By Rob Nikolewski | New Mexico Watchdog
For a long, long time, people in New Mexico — and specifically, Santa Fe — have had a love-hate relationship with Texas.
Well, it can actually sometimes get a little short on the love and long on the hate.
But as much as it hurts to say it, when it comes to reviving New Mexico’s economy, the Land of Enchantment should take some lessons from the Lone Star State.
While New Mexico has been sputtering, Texas is on a roll.
More people have moved to Texas than any other state in the country: A net gain of more than 387,000 in the latest from the 2013 Census Bureau report.
In fact, five of the 20 fastest-growing large metro areas in the U.S. are in Texas — Austin, San Antonio, Houston, Dallas and Fort Worth — and smaller communities such as oil-rich Midland and Odessa grew at 3 percent or better.
“Sure, people move there for jobs, but they’re low quality jobs that don’t pay much,” critics say. But that’s not what the statistics show. Median household income in Texas has moved up nine places since 2000.
Democrats in New Mexico have been hammering Republican Gov. Susana Martinez on the state’s poor economic numbers. Fair enough. Like NFL quarterbacks, governors get too much credit when things are good, so they have to take the hits when they’re bad.
But for 62 years, Democrats have controlled the state House of Representatives and for 77 of the past 81 years, they’ve controlled the Senate.
If the New Mexico economic landscape is less than ideal — and it has been — the party running the Legislature for decades has to accept some responsibility for that.
Last week, the pro-growth Tax Foundation ranked U.S. states by tax climate. New Mexico finished 38th. Every other state in the Rocky Mountain region finished in the top half of the rankings.

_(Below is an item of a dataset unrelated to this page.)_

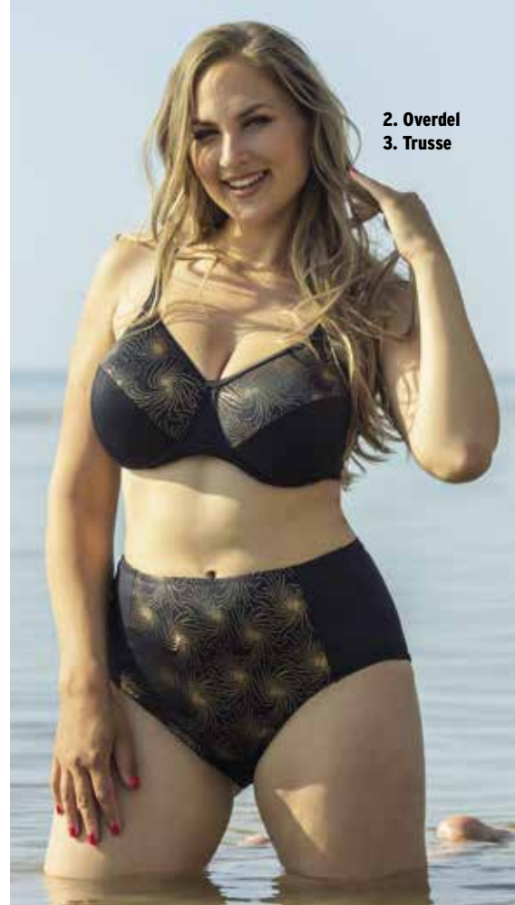
2. Overdel 3. Truse

3. Bikinitruse kr. 259 95 Bikinitruse (maxi) fra Plaisir og let foer foran. Fv. sort/guld. Str. 42 til 54. Kval. polyamid / elastan. Vask 30°. Vare nr. 24321-48

Texas finished 10th and has made a concerted effort to avoid overregulation.
“The classic social contract is — we’re not going to do a ton to help you but we’re not going to get in your way,” author Erica Greider told the BBC last year. “That’s not 100 percent true of the state but there’s that strand in the state.”
The title of the book Grieder wrote? “Big, Hot, Cheap and Right: What America Can Learn from the Strange Genius of Texas.”
Texas also is one of the few states with no state income tax and it’s one of 24 states that has passed right-to-work legislation.
Last year, Albuquerque lawyer and longtime Democrat David Buchholtz broached the subject to me and offered a New Mexico compromise: Pass right-to-work legislation, but carve out an exception for public-sector employees.
“People I trust tell me up to 25 percent of companies looking to relocate will not put a state on their list that is not a right-to-work state,” he told me last September. “We desperately need to create private-sector jobs and if we’re missing 25 percent of the opportunities, that’s not a good thing for us.”
The idea received criticism from the left (predictably) and from the right (too watered down) but give Buchholtz credit for offering an idea to stimulate New Mexico’s economy.
Speaking of which, can you imagine how bad our numbers would be if it weren’t for the oil boom in southeastern New Mexico? The Oil Patch has almost singlehandedly kept us afloat.
And just as in North Dakota, crude production in Texas is exploding.
I’m not saying New Mexico should mimic every last thing that Texas has done (they can keep Jerry Jones) but it would be foolish to not take a hard look at what it’s done and apply some — or even a lot — of those lessons.
With our natural beauty, we’ll always be the Land of Enchantment. But let’s not be in a state of denial.
(This commentary originally ran in the Sunday edition of the Santa Fe New Mexican on Nov. 2, 2014.)